Problem description
Starting with the first line of the data below, copy each line up to and including the one containing "造作収納を配置したキッチンの". Pictures stay out.

--- Dataset records ---

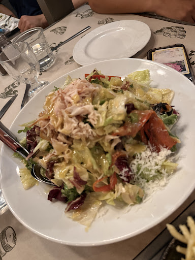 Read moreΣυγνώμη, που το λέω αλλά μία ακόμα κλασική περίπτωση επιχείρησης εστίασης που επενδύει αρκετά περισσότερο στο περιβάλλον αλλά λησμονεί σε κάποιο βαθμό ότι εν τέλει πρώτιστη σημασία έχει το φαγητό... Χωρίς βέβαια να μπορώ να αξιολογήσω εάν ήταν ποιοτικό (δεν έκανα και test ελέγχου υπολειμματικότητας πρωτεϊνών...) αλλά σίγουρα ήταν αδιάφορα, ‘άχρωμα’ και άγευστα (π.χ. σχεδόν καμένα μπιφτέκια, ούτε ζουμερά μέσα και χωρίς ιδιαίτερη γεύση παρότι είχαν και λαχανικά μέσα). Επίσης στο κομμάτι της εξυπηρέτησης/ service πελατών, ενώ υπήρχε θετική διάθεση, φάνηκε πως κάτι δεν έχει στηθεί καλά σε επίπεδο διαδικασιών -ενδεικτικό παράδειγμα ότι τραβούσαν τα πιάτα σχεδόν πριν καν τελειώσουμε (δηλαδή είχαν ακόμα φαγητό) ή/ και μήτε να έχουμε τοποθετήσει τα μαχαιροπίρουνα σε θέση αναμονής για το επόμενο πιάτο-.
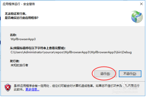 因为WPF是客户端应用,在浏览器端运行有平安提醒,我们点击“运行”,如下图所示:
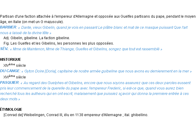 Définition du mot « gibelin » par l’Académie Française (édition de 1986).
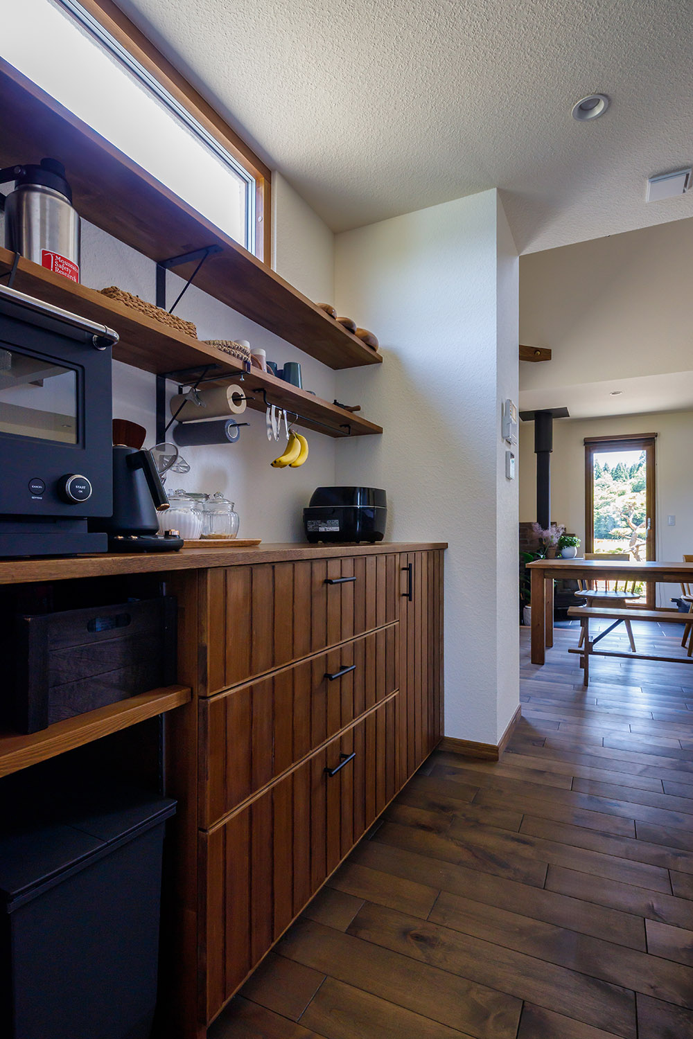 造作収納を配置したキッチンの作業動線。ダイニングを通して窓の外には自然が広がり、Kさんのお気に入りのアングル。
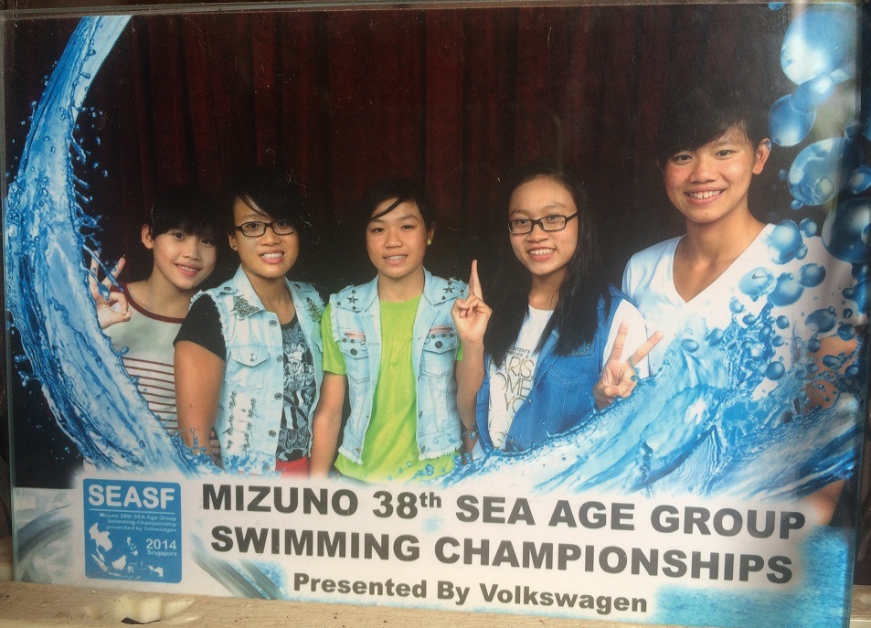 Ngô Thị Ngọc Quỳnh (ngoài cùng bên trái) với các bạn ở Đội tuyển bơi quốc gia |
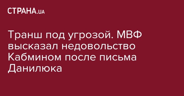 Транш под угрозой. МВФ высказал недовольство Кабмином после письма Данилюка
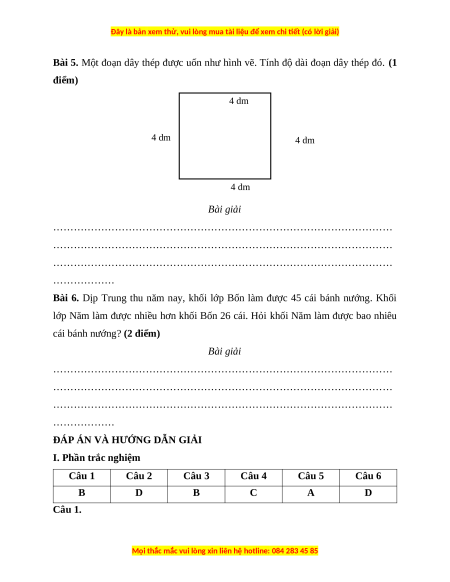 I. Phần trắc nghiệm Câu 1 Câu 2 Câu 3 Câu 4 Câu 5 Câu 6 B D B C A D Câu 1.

---

Expected output
 Read moreΣυγνώμη, που το λέω αλλά μία ακόμα κλασική περίπτωση επιχείρησης εστίασης που επενδύει αρκετά περισσότερο στο περιβάλλον αλλά λησμονεί σε κάποιο βαθμό ότι εν τέλει πρώτιστη σημασία έχει το φαγητό... Χωρίς βέβαια να μπορώ να αξιολογήσω εάν ήταν ποιοτικό (δεν έκανα και test ελέγχου υπολειμματικότητας πρωτεϊνών...) αλλά σίγουρα ήταν αδιάφορα, ‘άχρωμα’ και άγευστα (π.χ. σχεδόν καμένα μπιφτέκια, ούτε ζουμερά μέσα και χωρίς ιδιαίτερη γεύση παρότι είχαν και λαχανικά μέσα). Επίσης στο κομμάτι της εξυπηρέτησης/ service πελατών, ενώ υπήρχε θετική διάθεση, φάνηκε πως κάτι δεν έχει στηθεί καλά σε επίπεδο διαδικασιών -ενδεικτικό παράδειγμα ότι τραβούσαν τα πιάτα σχεδόν πριν καν τελειώσουμε (δηλαδή είχαν ακόμα φαγητό) ή/ και μήτε να έχουμε τοποθετήσει τα μαχαιροπίρουνα σε θέση αναμονής για το επόμενο πιάτο-.
 因为WPF是客户端应用,在浏览器端运行有平安提醒,我们点击“运行”,如下图所示:
 Définition du mot « gibelin » par l’Académie Française (édition de 1986).
 造作収納を配置したキッチンの作業動線。ダイニングを通して窓の外には自然が広がり、Kさんのお気に入りのアングル。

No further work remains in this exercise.